_WORK TASK_
Please restate word for word the lines of the entries below from the one with "In the heart" to the one with "Chic black leather", inclusive, and leave out every picture.

_EXCERPTED RECORDS_
============================================================

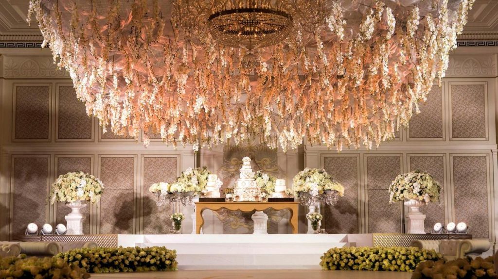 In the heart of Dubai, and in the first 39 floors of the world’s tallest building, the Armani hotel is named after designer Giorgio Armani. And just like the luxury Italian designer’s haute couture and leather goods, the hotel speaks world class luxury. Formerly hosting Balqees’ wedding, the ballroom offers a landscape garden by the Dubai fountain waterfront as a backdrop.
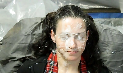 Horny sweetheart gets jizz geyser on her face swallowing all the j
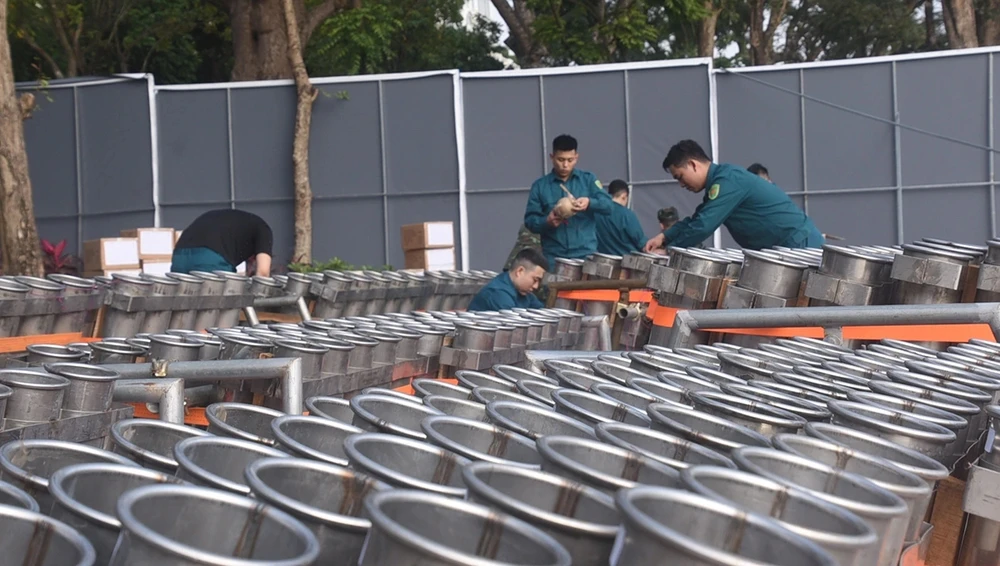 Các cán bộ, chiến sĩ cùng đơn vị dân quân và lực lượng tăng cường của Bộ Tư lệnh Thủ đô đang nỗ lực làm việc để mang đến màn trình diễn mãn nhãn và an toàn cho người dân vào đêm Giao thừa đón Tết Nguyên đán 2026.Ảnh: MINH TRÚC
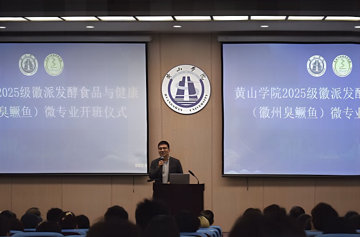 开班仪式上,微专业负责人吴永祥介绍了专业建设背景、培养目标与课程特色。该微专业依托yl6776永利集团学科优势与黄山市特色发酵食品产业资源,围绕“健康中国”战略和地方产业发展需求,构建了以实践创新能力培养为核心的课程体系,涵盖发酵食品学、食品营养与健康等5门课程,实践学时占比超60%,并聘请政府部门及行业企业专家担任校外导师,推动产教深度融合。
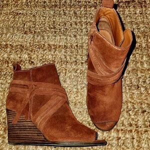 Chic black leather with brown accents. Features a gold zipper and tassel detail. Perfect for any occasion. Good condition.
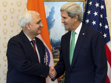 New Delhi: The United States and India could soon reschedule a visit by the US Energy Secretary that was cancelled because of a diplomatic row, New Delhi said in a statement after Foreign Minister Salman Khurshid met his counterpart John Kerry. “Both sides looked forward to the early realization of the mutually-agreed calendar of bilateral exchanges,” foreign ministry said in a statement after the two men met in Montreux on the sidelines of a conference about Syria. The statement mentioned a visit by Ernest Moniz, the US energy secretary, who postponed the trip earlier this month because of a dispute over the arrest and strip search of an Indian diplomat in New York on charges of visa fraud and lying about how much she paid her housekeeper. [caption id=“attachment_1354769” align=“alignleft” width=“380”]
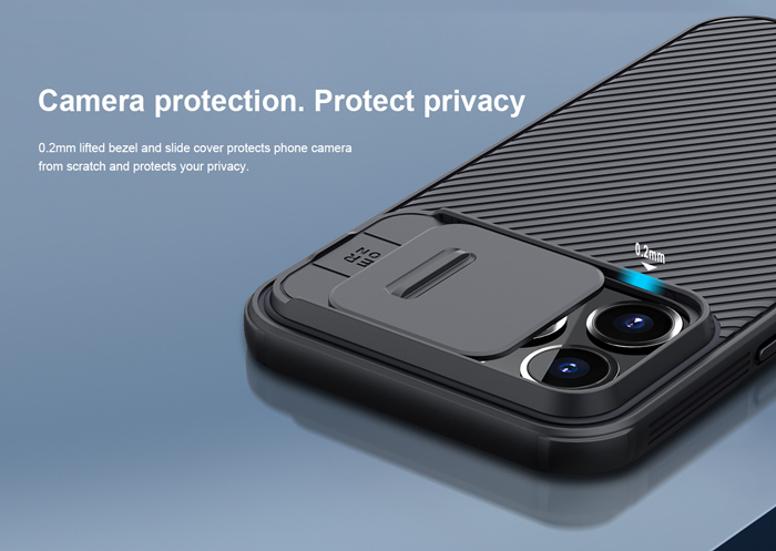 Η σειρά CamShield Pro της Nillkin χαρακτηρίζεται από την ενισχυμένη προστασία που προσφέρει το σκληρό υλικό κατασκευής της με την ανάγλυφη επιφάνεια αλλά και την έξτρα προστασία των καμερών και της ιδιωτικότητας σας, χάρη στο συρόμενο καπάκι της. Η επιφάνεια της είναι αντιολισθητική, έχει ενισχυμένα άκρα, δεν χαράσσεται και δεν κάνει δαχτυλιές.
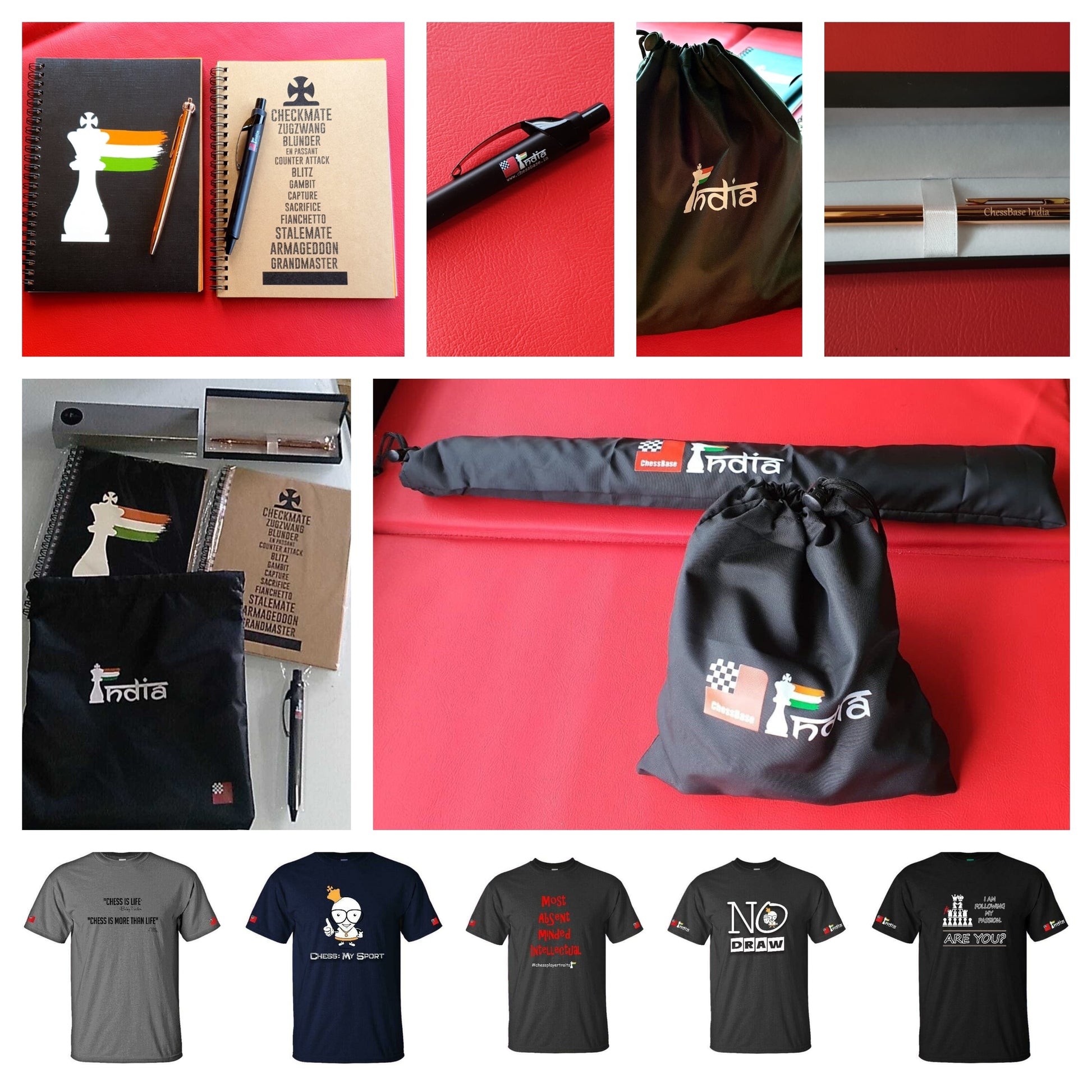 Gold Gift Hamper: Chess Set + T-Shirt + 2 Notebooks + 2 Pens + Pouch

============================================================

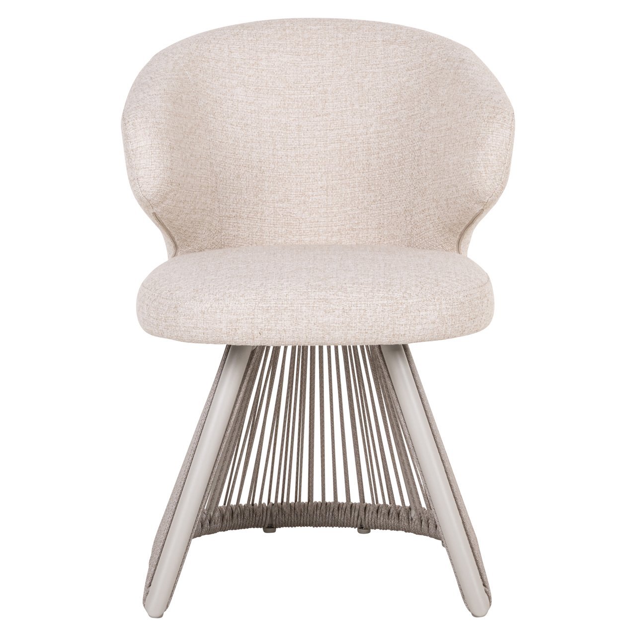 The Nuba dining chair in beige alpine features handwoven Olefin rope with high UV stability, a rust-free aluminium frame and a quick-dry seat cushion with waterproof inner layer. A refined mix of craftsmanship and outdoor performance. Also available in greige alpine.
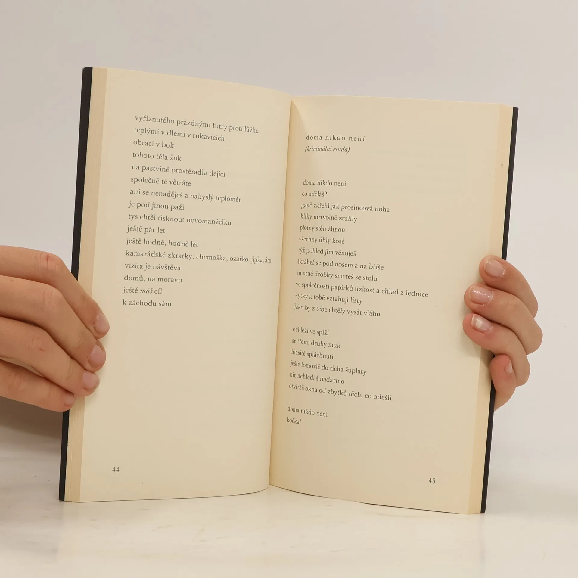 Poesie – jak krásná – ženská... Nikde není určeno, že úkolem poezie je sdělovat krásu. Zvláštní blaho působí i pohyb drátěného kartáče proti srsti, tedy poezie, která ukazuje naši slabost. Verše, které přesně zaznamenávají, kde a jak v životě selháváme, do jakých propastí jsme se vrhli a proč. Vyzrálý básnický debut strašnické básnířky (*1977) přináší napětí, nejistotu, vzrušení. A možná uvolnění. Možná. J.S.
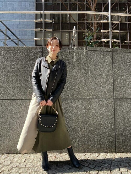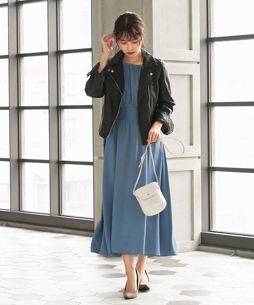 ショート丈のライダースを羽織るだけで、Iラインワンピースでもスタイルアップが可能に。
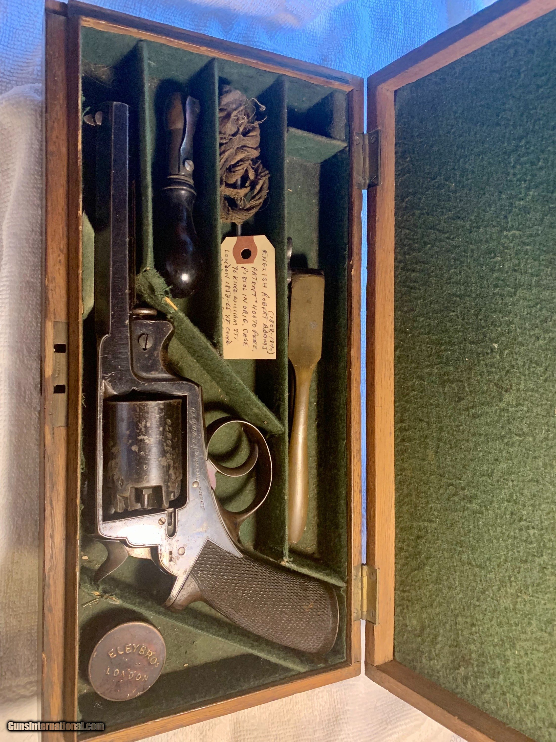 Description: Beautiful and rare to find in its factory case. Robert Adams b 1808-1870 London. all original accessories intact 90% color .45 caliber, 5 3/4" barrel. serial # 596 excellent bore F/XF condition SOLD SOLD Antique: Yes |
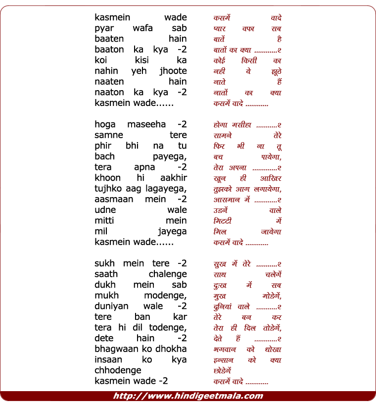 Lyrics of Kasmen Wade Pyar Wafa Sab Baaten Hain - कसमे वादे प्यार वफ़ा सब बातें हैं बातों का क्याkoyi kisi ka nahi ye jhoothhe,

============================================================

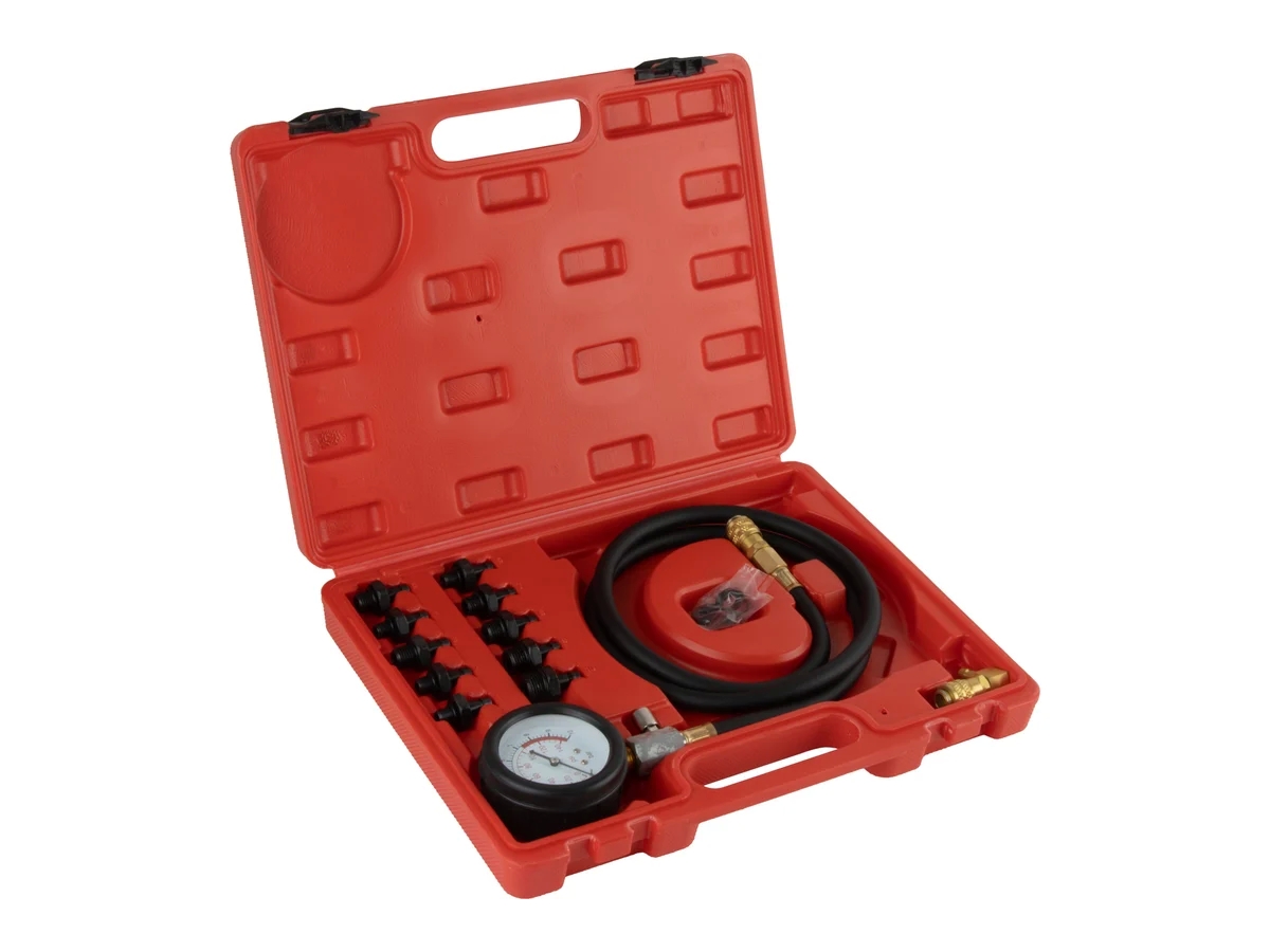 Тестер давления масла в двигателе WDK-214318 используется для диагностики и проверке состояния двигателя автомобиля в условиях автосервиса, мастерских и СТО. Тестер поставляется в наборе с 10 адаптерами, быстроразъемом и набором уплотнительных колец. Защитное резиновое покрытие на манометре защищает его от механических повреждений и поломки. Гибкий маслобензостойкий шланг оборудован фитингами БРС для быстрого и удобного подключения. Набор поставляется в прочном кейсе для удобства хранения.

============================================================

_ANSWER SPACE_
 In the heart of Dubai, and in the first 39 floors of the world’s tallest building, the Armani hotel is named after designer Giorgio Armani. And just like the luxury Italian designer’s haute couture and leather goods, the hotel speaks world class luxury. Formerly hosting Balqees’ wedding, the ballroom offers a landscape garden by the Dubai fountain waterfront as a backdrop.
 Horny sweetheart gets jizz geyser on her face swallowing all the j
 Các cán bộ, chiến sĩ cùng đơn vị dân quân và lực lượng tăng cường của Bộ Tư lệnh Thủ đô đang nỗ lực làm việc để mang đến màn trình diễn mãn nhãn và an toàn cho người dân vào đêm Giao thừa đón Tết Nguyên đán 2026.Ảnh: MINH TRÚC
 开班仪式上,微专业负责人吴永祥介绍了专业建设背景、培养目标与课程特色。该微专业依托yl6776永利集团学科优势与黄山市特色发酵食品产业资源,围绕“健康中国”战略和地方产业发展需求,构建了以实践创新能力培养为核心的课程体系,涵盖发酵食品学、食品营养与健康等5门课程,实践学时占比超60%,并聘请政府部门及行业企业专家担任校外导师,推动产教深度融合。
 Chic black leather with brown accents. Features a gold zipper and tassel detail. Perfect for any occasion. Good condition.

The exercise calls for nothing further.